§ Data section
Segment Open
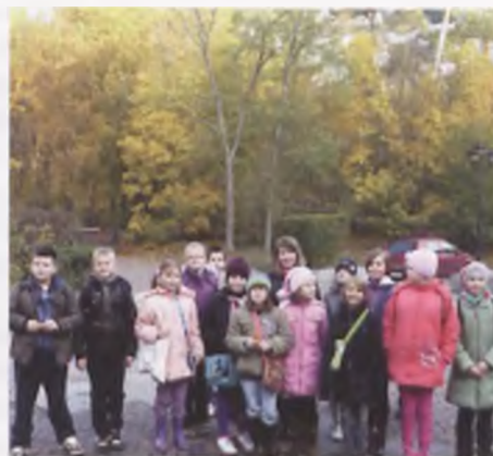
Jesienny spacer w WPN
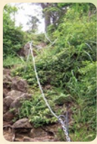
急な斜面には鎖が整備されている。
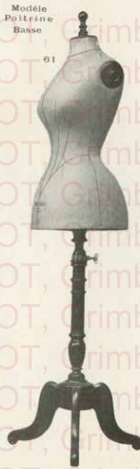
Modèle Poitrine Basse
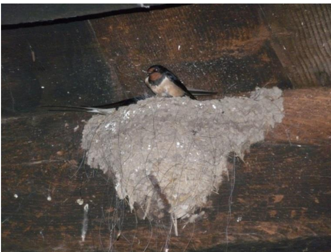
Fig. 4 - Remise intermédiaire - un nid et son support (24/05/2014)
Segment Closed
§ What is required
Each line above must be set down exactly, though no picture should be carried over.

§ Task solution
Jesienny spacer w WPN
急な斜面には鎖が整備されている。
Modèle Poitrine Basse
Fig. 4 - Remise intermédiaire - un nid et son support (24/05/2014)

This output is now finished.